WHAT YOU HAVE TO DO — Below are some entries. Return exactly the lines from the one with "子ども達は自分の好きな絵を選び線をなぞっていきます🖊" through the final line, leaving out any pictures.

Stored data:

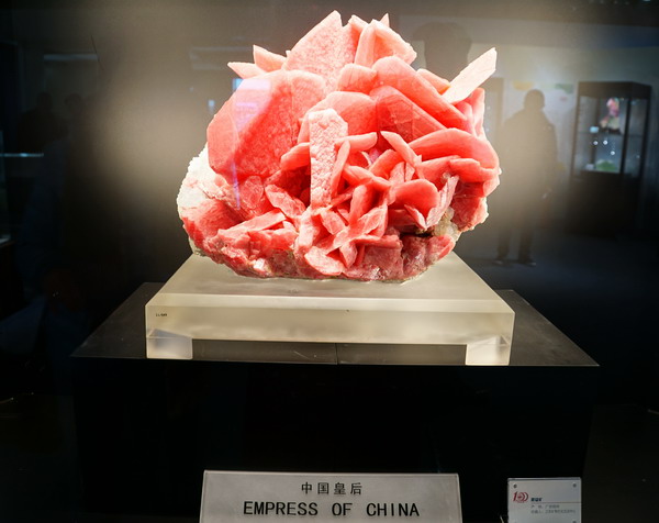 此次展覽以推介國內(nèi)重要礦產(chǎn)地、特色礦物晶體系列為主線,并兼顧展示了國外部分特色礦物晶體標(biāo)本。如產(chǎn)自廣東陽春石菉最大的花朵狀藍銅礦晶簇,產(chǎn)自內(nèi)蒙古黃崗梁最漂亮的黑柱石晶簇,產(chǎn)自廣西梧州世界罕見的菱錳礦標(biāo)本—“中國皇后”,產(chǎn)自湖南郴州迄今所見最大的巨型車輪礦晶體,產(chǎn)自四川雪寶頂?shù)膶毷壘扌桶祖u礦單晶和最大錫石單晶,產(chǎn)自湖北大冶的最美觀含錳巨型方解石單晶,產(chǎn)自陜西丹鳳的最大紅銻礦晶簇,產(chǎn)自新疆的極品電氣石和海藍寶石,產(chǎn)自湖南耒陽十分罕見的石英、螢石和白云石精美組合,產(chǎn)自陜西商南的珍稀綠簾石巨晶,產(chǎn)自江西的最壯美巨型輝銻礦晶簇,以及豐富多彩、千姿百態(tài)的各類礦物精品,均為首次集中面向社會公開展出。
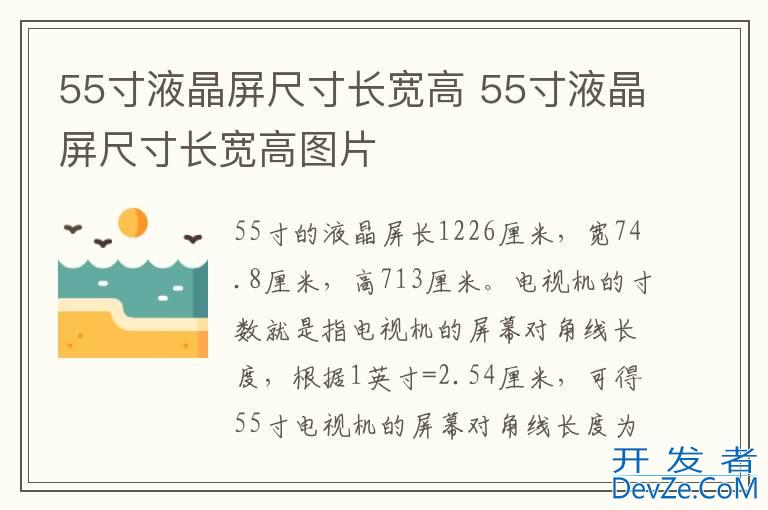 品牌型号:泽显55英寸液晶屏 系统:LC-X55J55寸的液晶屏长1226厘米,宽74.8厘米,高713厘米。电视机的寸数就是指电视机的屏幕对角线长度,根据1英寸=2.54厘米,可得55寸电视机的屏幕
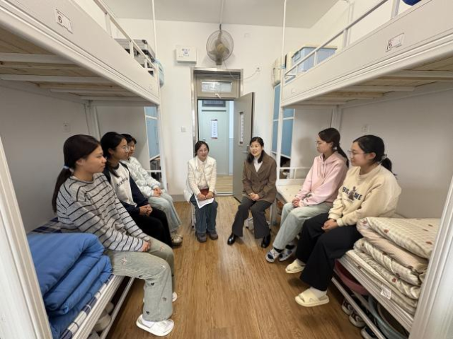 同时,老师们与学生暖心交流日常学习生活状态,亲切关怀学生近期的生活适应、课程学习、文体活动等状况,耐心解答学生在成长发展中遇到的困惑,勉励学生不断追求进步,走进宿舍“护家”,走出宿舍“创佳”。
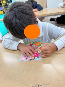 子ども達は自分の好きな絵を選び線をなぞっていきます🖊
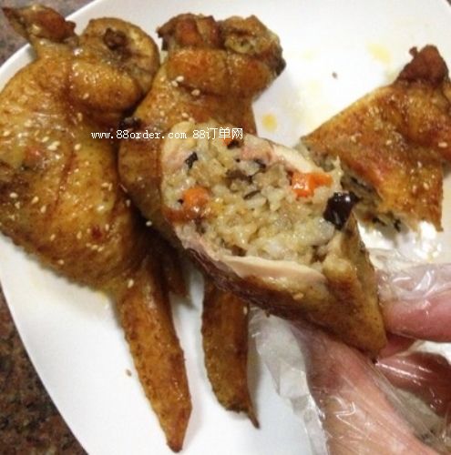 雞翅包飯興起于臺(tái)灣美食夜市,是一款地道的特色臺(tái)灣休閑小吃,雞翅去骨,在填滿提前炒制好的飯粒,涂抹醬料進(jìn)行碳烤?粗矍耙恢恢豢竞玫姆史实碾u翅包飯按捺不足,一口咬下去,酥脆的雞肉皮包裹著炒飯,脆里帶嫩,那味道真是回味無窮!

SOLUTION TO THIS TASK —
 子ども達は自分の好きな絵を選び線をなぞっていきます🖊
 雞翅包飯興起于臺(tái)灣美食夜市,是一款地道的特色臺(tái)灣休閑小吃,雞翅去骨,在填滿提前炒制好的飯粒,涂抹醬料進(jìn)行碳烤?粗矍耙恢恢豢竞玫姆史实碾u翅包飯按捺不足,一口咬下去,酥脆的雞肉皮包裹著炒飯,脆里帶嫩,那味道真是回味無窮!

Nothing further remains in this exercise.